### Recorded data
┄┄┄┄┄┄┄┄┄┄
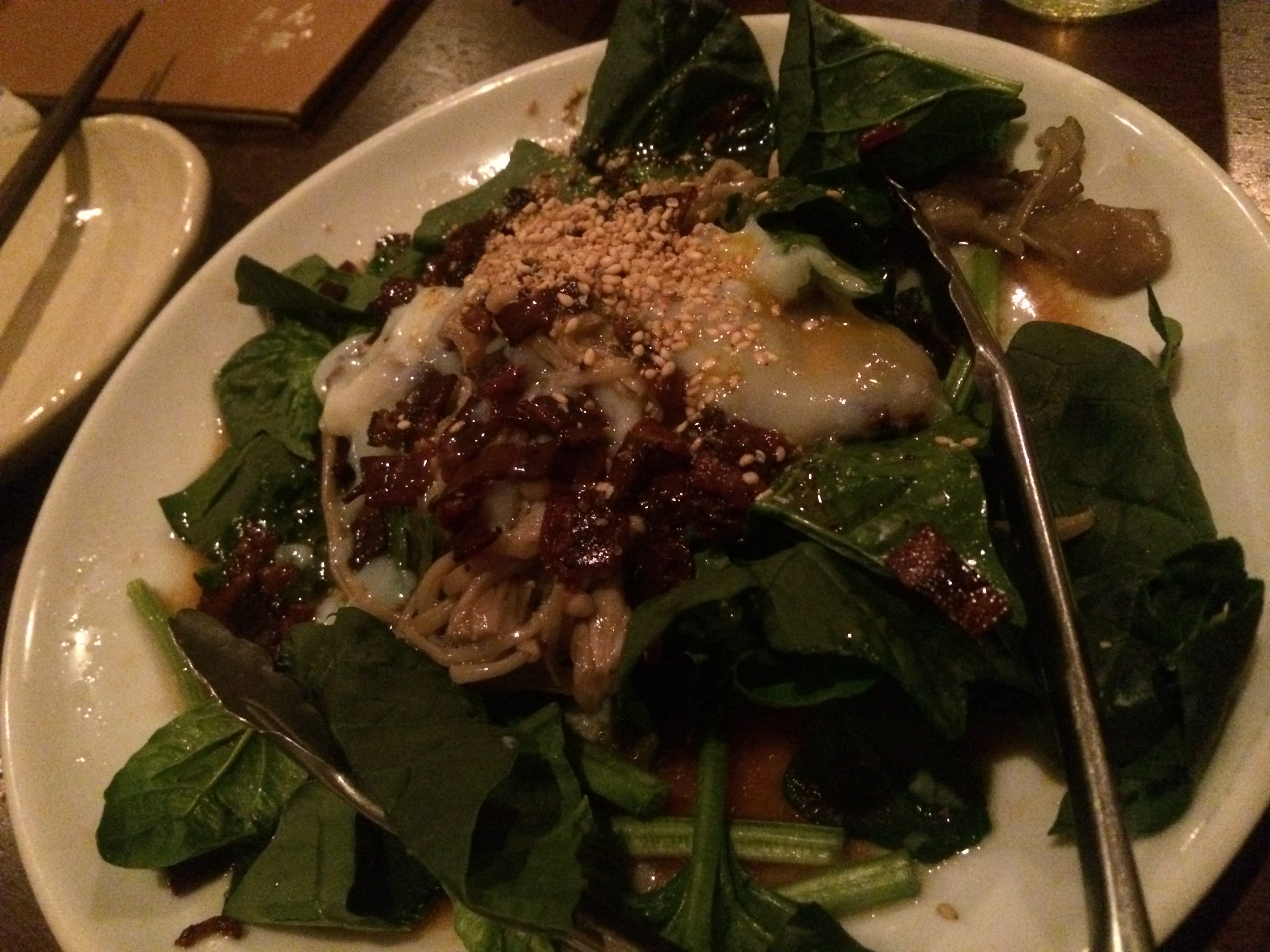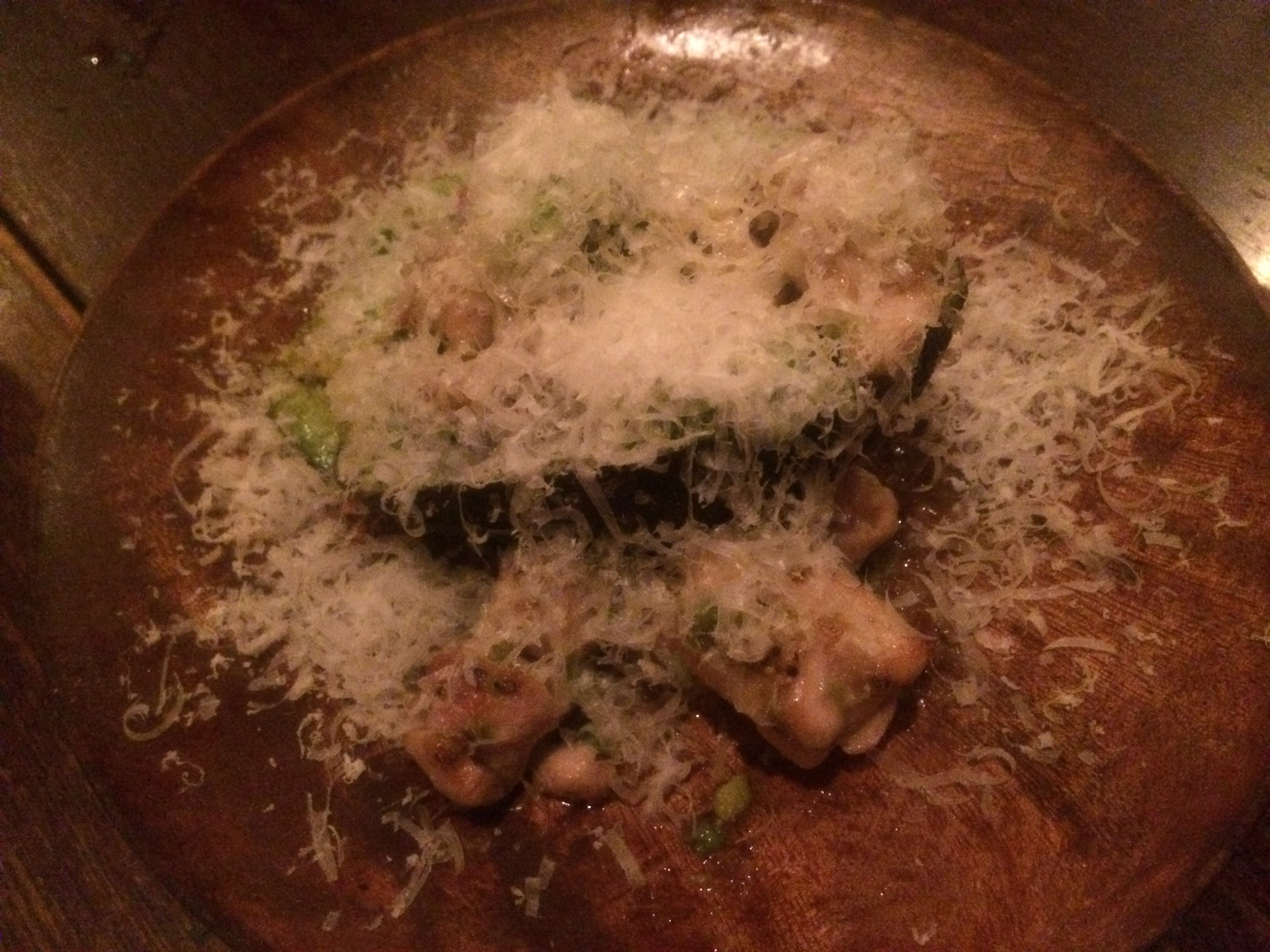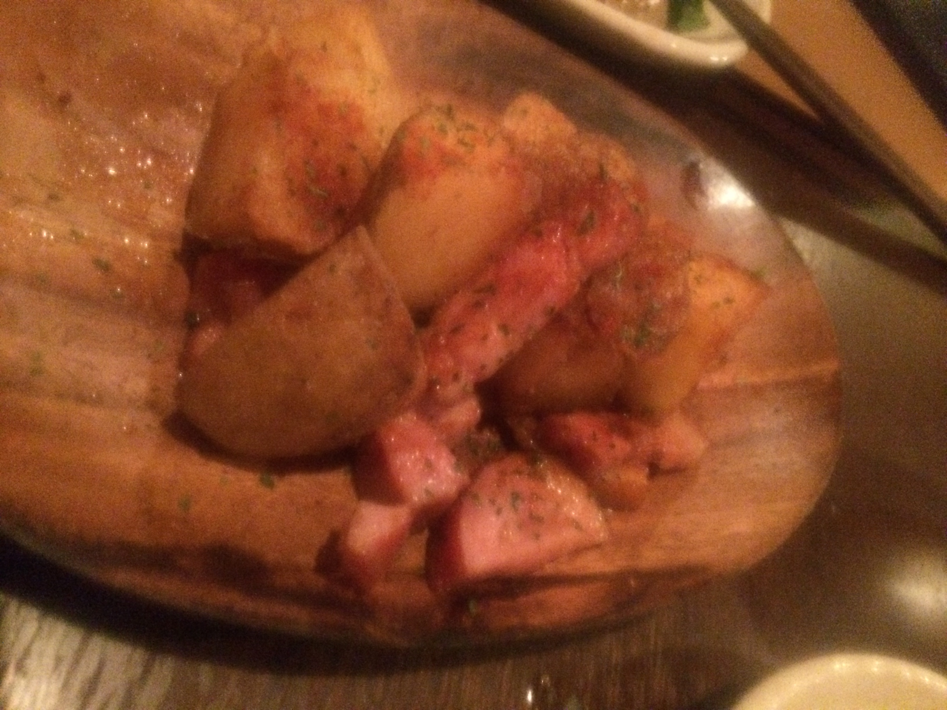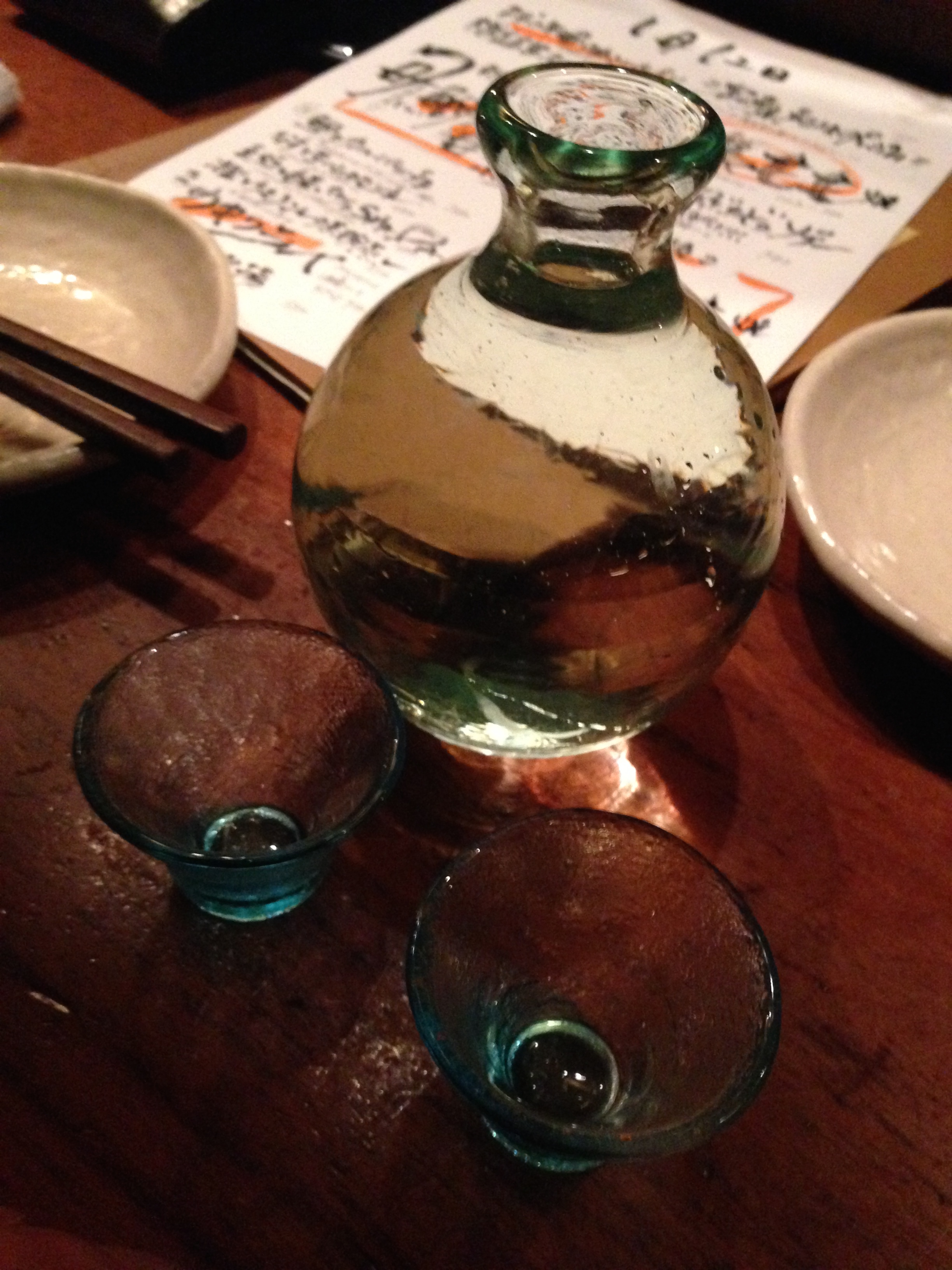 One dish I wasn’t so sure about when it was ordered was the cheese tofu. Then out came gelatinous off white coloured dish topped with what looked like a soy sauce and flaked garlic with a side of sliced baguette. After seeing my friends dive into it like it was going out of fashion quick i followed suit and what a surprise. It had the wonderful silky smooth texture of tofu for sure, but tasted like creme caramel with an ever such slight hint of cheese. The soy was in fact a caramel sauce and the garlic was in fact sliced almonds. More of a dessert than a main, but delightful nevertheless. By the time I realised what I was enjoying I looked to see the plate empty and my friends looking in various directions as if it had nothing to do with them. The soup gyoza was warm and comforting. Still prefer the fried ones though The avocado chicken and parmesan was nice rich and salty hit The anchovy potato was the closes thing I’ve had to 1. roast potatoes and 2 proper bacon. Not too heavy on the anchovy paste but a good dollop’s worth to coat a side or two Spinich, mushroom and onsen tomago (half boiled egg) salad was a yummy irony hit. Every salad should have an onsen tomago! Sake here was pretty tasty. No idea which one it was though.
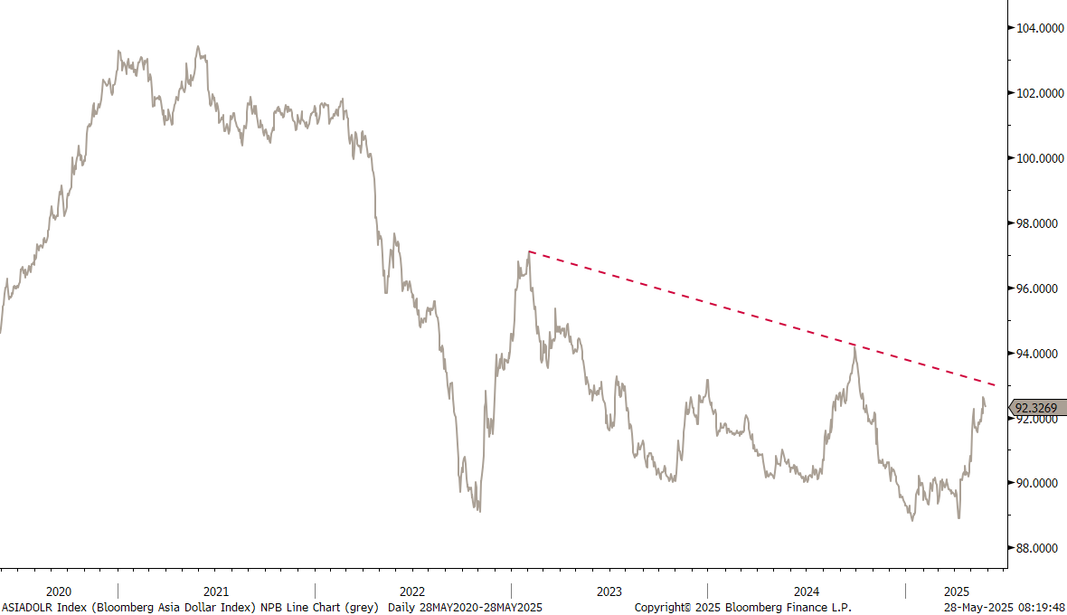 Looking at the Bloomberg Asia Dollar Index from a longer-term perspective then, we note that it is rapidly approaching what could be an important resistance point:
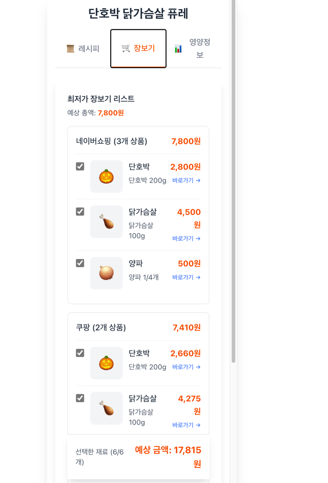 - 실시간 식재료 가격 분석: 저희 프로덕트의 핵심 기능이다. 네이버 쇼핑 API를 실시간으로 연동하여, AI가 제안한 레시피에 필요한 모든 식재료의 현재 최저가와 예상 총비용을 계산해 보여준다. 이를 통해 사용자는 예산에 맞춰 메뉴를 최종 결정할 수 있다.
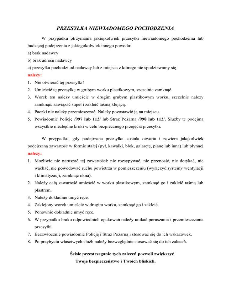 PRZESYŁKA NIEWIADOMEGO POCHODZENIA W przypadku otrzymania jakiejkolwiek przesyłki niewiadomego pochodzenia lub budzącej podejrzenia z jakiegokolwiek innego powodu: a) brak nadawcy b) brak adresu nadawcy c) przesyłka pochodzi od nadawcy lub z miejsca z którego nie spodziewamy się należy: 1. Nie otwierać tej przesyłki! 2. Umieścić tę przesyłkę w grubym worku plastikowym, szczelnie zamknąć. 3. Worek ten należy umieścić w drugim grubym plastikowym worku, szczelnie należy zamknąć: zawiązać supeł i zakleić taśmą klejącą. 4. Paczki nie należy przemieszczać. Należy pozostawić ją na miejscu. 5. Powiadomić Policję /997 lub 112/ lub Straż Pożarną /998 lub 112/. Służby te podejmą wszystkie niezbędne kroki w celu bezpiecznego przejęcia przesyłki. W przypadku, gdy podejrzana przesyłka została otwarta i zawiera jakąkolwiek podejrzaną zawartość w formie stałej (pył, kawałki, blok, galaretę, pianę lub inną) lub płynnej należy: 1. Możliwie nie naruszać tej zawartości: nie rozsypywać, nie przenosić, nie dotykać, nie wąchać, nie powodować ruchu powietrza w pomieszczeniu (wyłączyć systemy wentylacji i klimatyzacji, zamknąć okna). 2. Należy całą zawartość umieścić w worku plastikowym, zamknąć go i zakleić taśmą lub plastrem. 3. Należy dokładnie umyć ręce. 4. Zaklejony worek umieścić w drugim worku, zamknąć go i zakleić. 5. Ponownie dokładnie umyć ręce. 6. W przypadku braku odpowiednich opakowań należy unikać poruszania i przemieszczania przesyłki. 7. Bezzwłocznie powiadomić Policję i Straż Pożarną i stosować się do ich wskazówek. 8. Po przybyciu właściwych służb należy bezwzględnie stosować się do ich zaleceń. Ścisłe przestrzeganie tych zaleceń pozwoli zwiększyć Twoje bezpieczeństwo i Twoich bliskich.
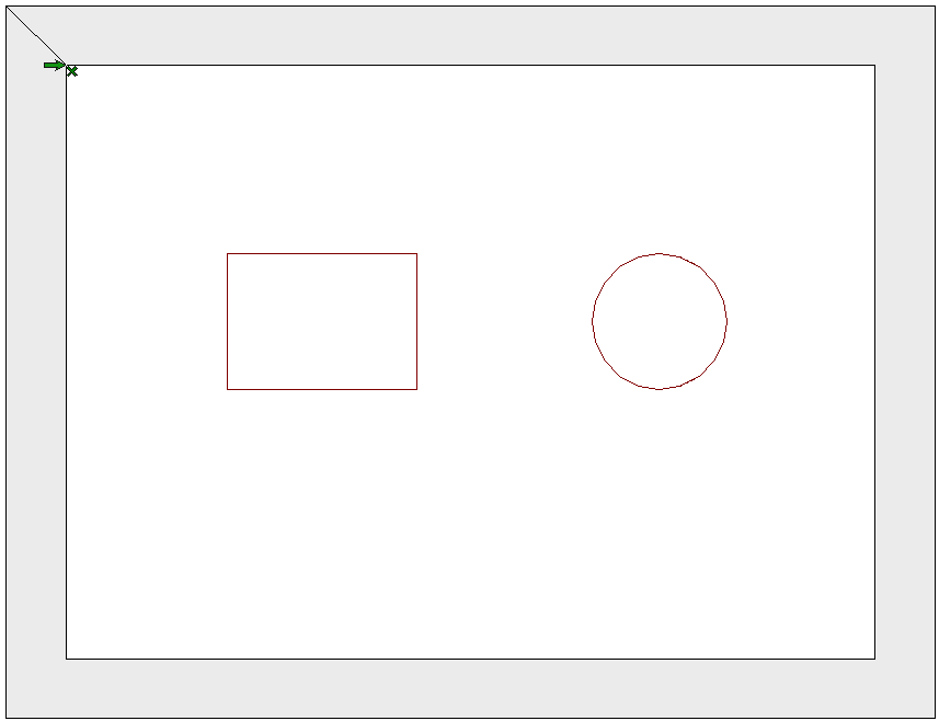 In this example, we will use a rectangle and a cylinder as the cutting shapes: - Select Free drawing of filler icon and draw the filler shape around the object being used for the cut-out. The filler should be placed and overlap with the cutting shape where you want your cut-out to be. In this example, we are creating a rectangular hole in the left filler and a circular hole in the right filler.
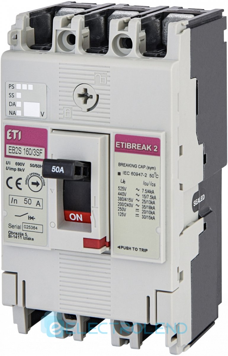 Автоматический выключатель ETI 4671832 EB2S 160/3SF 50А 3P (25kA фиксированные настройки)
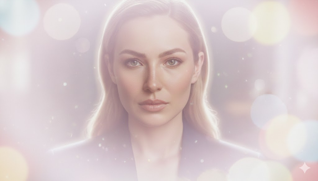 “Create a dreamy portrait with soft-focus lighting around the edges but crystal-sharp eyes and facial features. Pastel-toned background with gentle haze. Skin tone stays natural.”
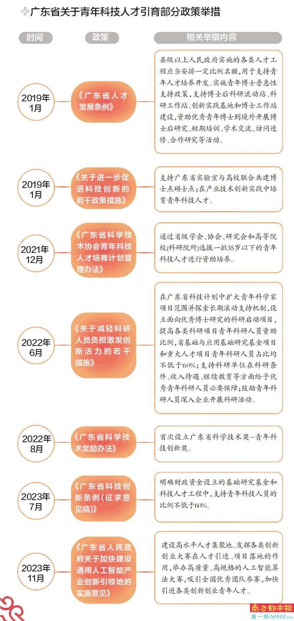 为给予青年科技人才更多的支持和机会,鼓励他们勇挑大梁、当主角,从2019年起,广东陆续发布多项相关政策举措。2019年1月出台的《广东省人才发展条例》以立法的形式规范了人才引进尤其是青年人才的需求导向等。更多支持政策的探索也在路上。为减少资助渠道受限、难以专注研发等方面的困难,2021年12月,广东提出通过省级学会、协会、研究会和高等院校(科研院所)选拔一批35岁以下的青年科技人才进行资助培养;省科技厅党组成员、副厅长吴世文透露,广东将设置从35岁到45岁的多条“赛道”,给青年人才提供不同程度的项目支持,资金从10万元到300万元不等。2022年6月,广东出台《关于减轻科研人员负担激发创新活力的若干措施》,提出将探索长期滚动支持机制,支持科研单位在科研条件、收入待遇、继续教育等方面给予优秀青年科研人员必要保障。为解决“熬资历”问题,广东规定,省基础与应用基础研究基金项目和重大人才项目青年科研人员占比均不低于60%。职称晋升也有解决办法,广东于2022年8月出台《广东省科学技术奖励办法》,首次提出设立广东省科学技术奖-青年科技创新奖;广东也破除“四唯”等对青年科技人才评价的障碍,设置分类评价指标,优化评价制度。
┄┄┄┄┄┄┄┄┄┄
### What to do
Please give an exact printout of all the records, pictures aside.

### Output below
 One dish I wasn’t so sure about when it was ordered was the cheese tofu. Then out came gelatinous off white coloured dish topped with what looked like a soy sauce and flaked garlic with a side of sliced baguette. After seeing my friends dive into it like it was going out of fashion quick i followed suit and what a surprise. It had the wonderful silky smooth texture of tofu for sure, but tasted like creme caramel with an ever such slight hint of cheese. The soy was in fact a caramel sauce and the garlic was in fact sliced almonds. More of a dessert than a main, but delightful nevertheless. By the time I realised what I was enjoying I looked to see the plate empty and my friends looking in various directions as if it had nothing to do with them. The soup gyoza was warm and comforting. Still prefer the fried ones though The avocado chicken and parmesan was nice rich and salty hit The anchovy potato was the closes thing I’ve had to 1. roast potatoes and 2 proper bacon. Not too heavy on the anchovy paste but a good dollop’s worth to coat a side or two Spinich, mushroom and onsen tomago (half boiled egg) salad was a yummy irony hit. Every salad should have an onsen tomago! Sake here was pretty tasty. No idea which one it was though.
 Looking at the Bloomberg Asia Dollar Index from a longer-term perspective then, we note that it is rapidly approaching what could be an important resistance point:
 - 실시간 식재료 가격 분석: 저희 프로덕트의 핵심 기능이다. 네이버 쇼핑 API를 실시간으로 연동하여, AI가 제안한 레시피에 필요한 모든 식재료의 현재 최저가와 예상 총비용을 계산해 보여준다. 이를 통해 사용자는 예산에 맞춰 메뉴를 최종 결정할 수 있다.
 PRZESYŁKA NIEWIADOMEGO POCHODZENIA W przypadku otrzymania jakiejkolwiek przesyłki niewiadomego pochodzenia lub budzącej podejrzenia z jakiegokolwiek innego powodu: a) brak nadawcy b) brak adresu nadawcy c) przesyłka pochodzi od nadawcy lub z miejsca z którego nie spodziewamy się należy: 1. Nie otwierać tej przesyłki! 2. Umieścić tę przesyłkę w grubym worku plastikowym, szczelnie zamknąć. 3. Worek ten należy umieścić w drugim grubym plastikowym worku, szczelnie należy zamknąć: zawiązać supeł i zakleić taśmą klejącą. 4. Paczki nie należy przemieszczać. Należy pozostawić ją na miejscu. 5. Powiadomić Policję /997 lub 112/ lub Straż Pożarną /998 lub 112/. Służby te podejmą wszystkie niezbędne kroki w celu bezpiecznego przejęcia przesyłki. W przypadku, gdy podejrzana przesyłka została otwarta i zawiera jakąkolwiek podejrzaną zawartość w formie stałej (pył, kawałki, blok, galaretę, pianę lub inną) lub płynnej należy: 1. Możliwie nie naruszać tej zawartości: nie rozsypywać, nie przenosić, nie dotykać, nie wąchać, nie powodować ruchu powietrza w pomieszczeniu (wyłączyć systemy wentylacji i klimatyzacji, zamknąć okna). 2. Należy całą zawartość umieścić w worku plastikowym, zamknąć go i zakleić taśmą lub plastrem. 3. Należy dokładnie umyć ręce. 4. Zaklejony worek umieścić w drugim worku, zamknąć go i zakleić. 5. Ponownie dokładnie umyć ręce. 6. W przypadku braku odpowiednich opakowań należy unikać poruszania i przemieszczania przesyłki. 7. Bezzwłocznie powiadomić Policję i Straż Pożarną i stosować się do ich wskazówek. 8. Po przybyciu właściwych służb należy bezwzględnie stosować się do ich zaleceń. Ścisłe przestrzeganie tych zaleceń pozwoli zwiększyć Twoje bezpieczeństwo i Twoich bliskich.
 In this example, we will use a rectangle and a cylinder as the cutting shapes: - Select Free drawing of filler icon and draw the filler shape around the object being used for the cut-out. The filler should be placed and overlap with the cutting shape where you want your cut-out to be. In this example, we are creating a rectangular hole in the left filler and a circular hole in the right filler.
 Автоматический выключатель ETI 4671832 EB2S 160/3SF 50А 3P (25kA фиксированные настройки)
 “Create a dreamy portrait with soft-focus lighting around the edges but crystal-sharp eyes and facial features. Pastel-toned background with gentle haze. Skin tone stays natural.”
 为给予青年科技人才更多的支持和机会,鼓励他们勇挑大梁、当主角,从2019年起,广东陆续发布多项相关政策举措。2019年1月出台的《广东省人才发展条例》以立法的形式规范了人才引进尤其是青年人才的需求导向等。更多支持政策的探索也在路上。为减少资助渠道受限、难以专注研发等方面的困难,2021年12月,广东提出通过省级学会、协会、研究会和高等院校(科研院所)选拔一批35岁以下的青年科技人才进行资助培养;省科技厅党组成员、副厅长吴世文透露,广东将设置从35岁到45岁的多条“赛道”,给青年人才提供不同程度的项目支持,资金从10万元到300万元不等。2022年6月,广东出台《关于减轻科研人员负担激发创新活力的若干措施》,提出将探索长期滚动支持机制,支持科研单位在科研条件、收入待遇、继续教育等方面给予优秀青年科研人员必要保障。为解决“熬资历”问题,广东规定,省基础与应用基础研究基金项目和重大人才项目青年科研人员占比均不低于60%。职称晋升也有解决办法,广东于2022年8月出台《广东省科学技术奖励办法》,首次提出设立广东省科学技术奖-青年科技创新奖;广东也破除“四唯”等对青年科技人才评价的障碍,设置分类评价指标,优化评价制度。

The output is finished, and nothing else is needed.